I’m evaluating the cost function as C = 0.5*(a-y).^2. It seems mildly successful in that it started at C=1.35 and ended at C=0.46 before essentially flattening out (about 75 epochs). However, the error is still high enough it only guesses the correct digit 12% of the time, which is almost random chance. I’ve double and triple checked the math but can’t find a mistake. I’m thinking there must be one I’m not seeing. The code below is everything within the main training loop, so any bugs should be in there. I’m not breaking the images into smaller batches, but am doing the entire 60k images at a time with each epoch. Since each image is only 28×28 pixels it’s fast enough without breaking it apart.
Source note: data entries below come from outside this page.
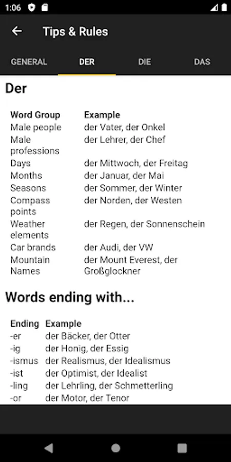 Learn German noun genders (Der, Die, Das) with this educational app!
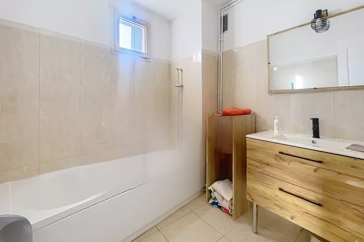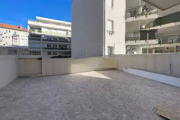 Эксклюзивно: В центре города ваше агентство предлагает эту очень большую двухкомнатную квартиру площадью около 59 м², расположенную на первом этаже с южной стороны и на уровне земли над гаражами с северной стороны. Она состоит из: прихожей, просторной кухни/гостиной с выходом на террасу 25 м² на северной стороне, ванной комнаты, отдельного туалета и спальни с балконом на южной стороне.
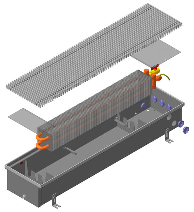 Данный вид конвекторов устанавливается в помещениях, в которых предусмотрена двухтрубная схема и насосные системы отопления. При установке внутрипольных конвекторов с принудительной
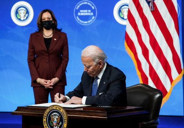 Biden explicó que, a través de una orden ejecutiva destinada se buscará cerrar las lagunas legales en las disposiciones existentes de la estrategia Compra Estadounidense (Buy American), que reúne los 600 mil millones en bienes y servicios que el gobierno federal compra cada año.
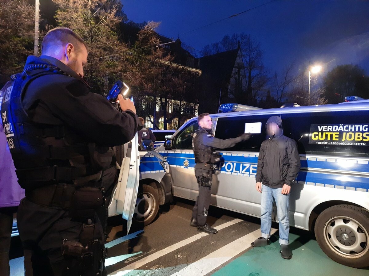 ID Feststellungen der Minderjährigen laufen, mit lautstarken, z.T. gebrüllten Anweisungen der Cops - man beachte auch nochmal das Logo auf dem Bullenwagen...
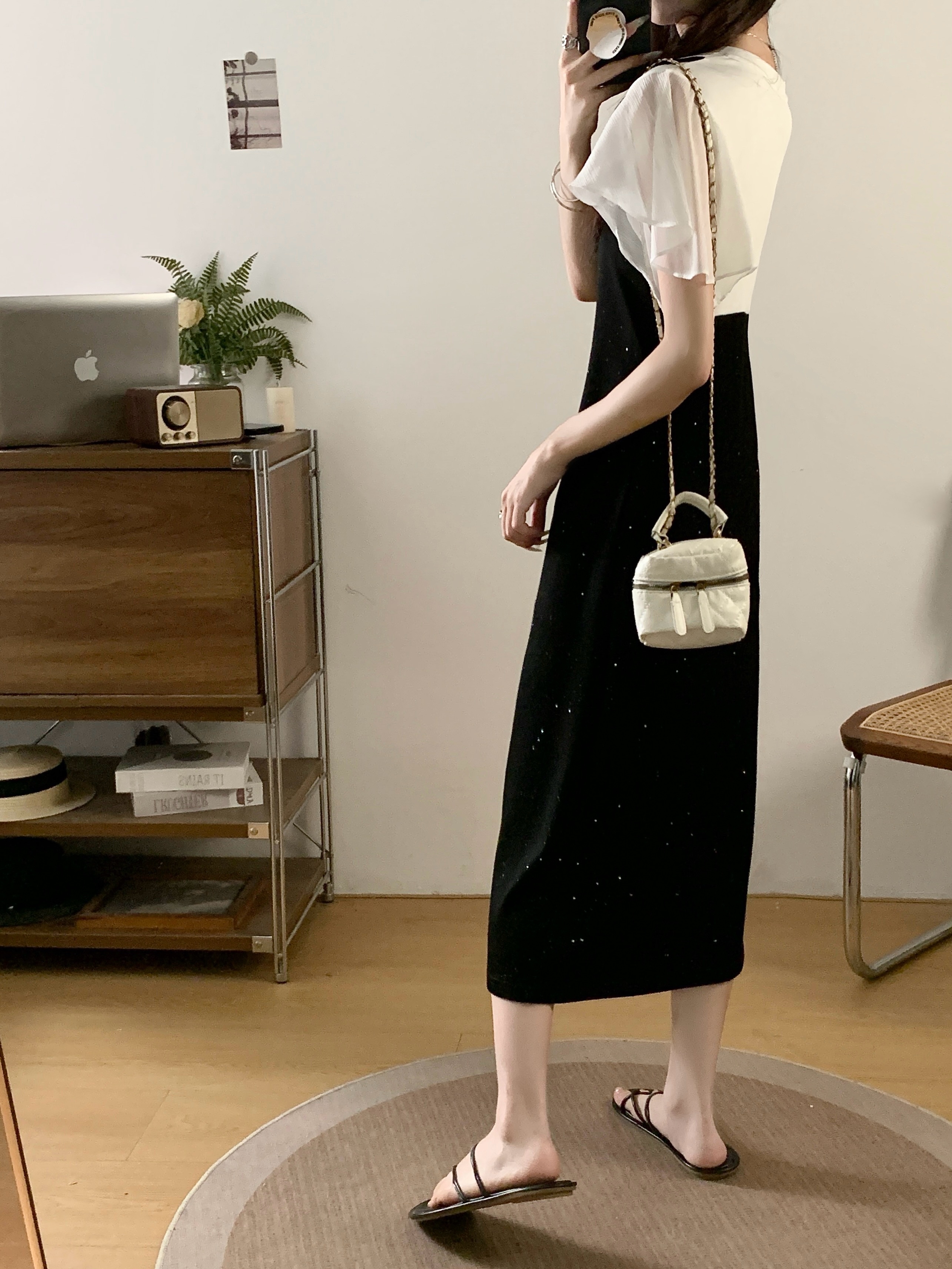 MY14360# 大码女夏设计感气质时尚休闲雪纺拼接假两件显瘦连衣裙女裝貨源服裝批發

The input neurons a_0 are a 768×60000 array of doubles, with values between 0 and 1. I took the original images, where each pixel was a uint8, and converted to double then divided by 255 to get a_0. I’m numbering the layers in my code such that layer 0 is the input layer, layers 1 and 2 are the hidden layers, and layer 3 is the output layer.
a_0 = training_images;
epoch = 0;
while epoch < 5 || C(epoch - 1) - C(epoch) > 0.001
epoch = epoch + 1;
%Propagate forwards
z_1 = weights_1*a_0 + biases_1;
a_1 = sigmoid(z_1);
z_2 = weights_2*a_1 + biases_2;
a_2 = sigmoid(z_2);
z_3 = weights_3*a_2 + biases_3;
a_3 = sigmoid(z_3);
%Evaluate cost function
C(epoch) = 0.5*mean(sum((a_3-y).^2, 1));
%Propagate backwards
sigmoid_d1 = a_1 .* (1-a_1); %Sigmoid derivative
sigmoid_d2 = a_2 .* (1-a_2);
sigmoid_d3 = a_3 .* (1-a_3);
delta_3 = (a_3-y).*sigmoid_d3;
delta_2 = weights_3.'*delta_3 .* sigmoid_d2;
delta_1 = weights_2.'*delta_2 .* sigmoid_d1;
%Calculate gradient
for image_index = 1:num_images
dC_dw3(:, :, image_index) = delta_3(:, image_index) * a_2(:, image_index).';
dC_dw2(:, :, image_index) = delta_2(:, image_index) * a_1(:, image_index).';
dC_dw1(:, :, image_index) = delta_1(:, image_index) * a_0(:, image_index).';
end
%Calculate adjustment
training_rate = 0.1;
adjust_biases_1 = -training_rate * mean(delta_1, 2);
adjust_biases_2 = -training_rate * mean(delta_2, 2);
adjust_biases_3 = -training_rate * mean(delta_3, 2);
adjust_weights_1 = -training_rate * mean(dC_dw1, 3);
adjust_weights_2 = -training_rate * mean(dC_dw2, 3);
adjust_weights_3 = -training_rate * mean(dC_dw3, 3);
biases_1 = biases_1 + adjust_biases_1;
biases_2 = biases_2 + adjust_biases_2;
biases_3 = biases_3 + adjust_biases_3;
weights_1 = weights_1 + adjust_weights_1;
weights_2 = weights_2 + adjust_weights_2;
weights_3 = weights_3 + adjust_weights_3;